Tuesday, October 5, 2010

Shawna Kenney - Stop bitching and start a revolution!

Name: Shawna Kenney, author of I Was a Teenage Dominatrix

What is your job? I’m a writer, author and creative writing instructor. I teach for UCLA Extension and co-own the company, Life’s a Bitch Books.

What social causes are most important to you?
I’m down with anything that helps to end suffering and promotes art.
What charities do you support – and how?
I use whatever I can, wherever I am. Many punk shows I booked in the 80s and 90s in DC were benefits for the Washington Literacy Council, where I was tutoring at the time. In LA I performed at a benefit for Beyond Baroque Literary Arts Center and booked readings to raise money for the Jenesse Center, a domestic violence shelter and prevention program.

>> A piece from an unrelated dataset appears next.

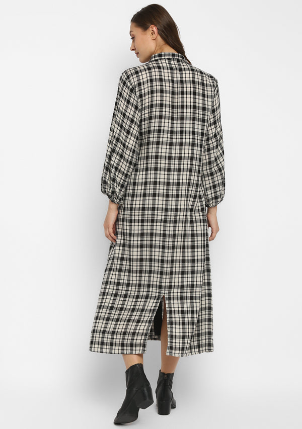 Flannel Pink Blue Checked Nighty Kaftan with Stitch Lines

In North Carolina I worked for an amazing non-profit called Dreams, teaching writing and photojournalism to economically disadvantaged teenagers. Last summer I went to Denmark to help journalists from the Middle East work on a magazine together through an NGO called Crossing Borders.

Why do you have a passion for these, is there a personal tie?
All of these are close to my heart for various reasons. I found myself in an abusive relationship as a young woman, and a shelter saved my life, so I am drawn to the cause of helping to end the cycle of domestic violence, but if you think about it, all of these things are tied together; poverty, illiteracy and lack of love are all violent to the human spirit.

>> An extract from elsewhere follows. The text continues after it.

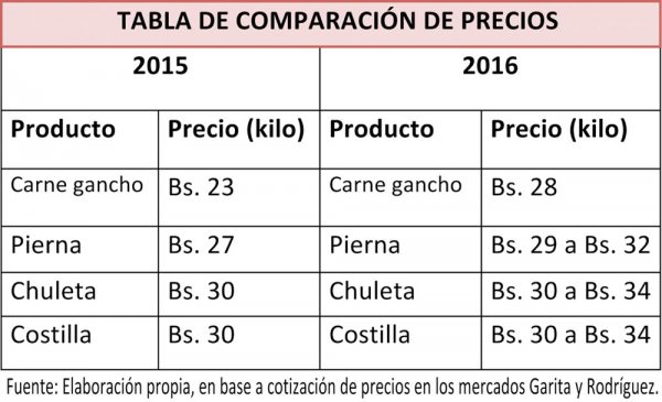 Mientras que en el mercado de la zona Rodríguez los precios estaban mucho más elevados. El kilo a Bs 30, el corte por pierna Bs 32, costilla y chuleta Bs 34.

Is there a particular way you would want to encourage readers to be involved?
Start local. Start small. Focus on feeding a neighbor or mentoring underprivileged kids if the idea of ‘saving the world’ seems too big. It doesn’t have to be money—not all of us have money. Time and energy are just as valuable.

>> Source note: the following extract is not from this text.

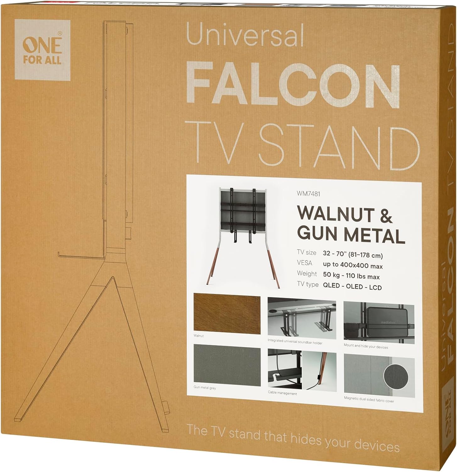 One For All Universal TV Stand – Screens from 32 to 70 Inches – LCD/LED/Plasma/OLED/QLED TVs – VESA 400×400 – Built-in Soundbar Mount – Elegant Design – WM7481

How would you define social responsibility? I like the slogan “Stop bitching and start a revolution!”

Quick list of your tattoos – do any represent your charitable beliefs?
I have script of the words ‘Los Angeles’ by Mark Mahoney, some sunflowers done by Chris O’Donnell long ago, and some old tribal stuff by Linda Lee Tobin. None are directly related to an organization or cause, but my husband and I both wear our hearts on our sleeves, literally—we both have the Slayer pentagram embedded into a heart on our arms, done by Juan Puente, because we met at a Slayer show. That one to me represents love, which is what it’s all about, right?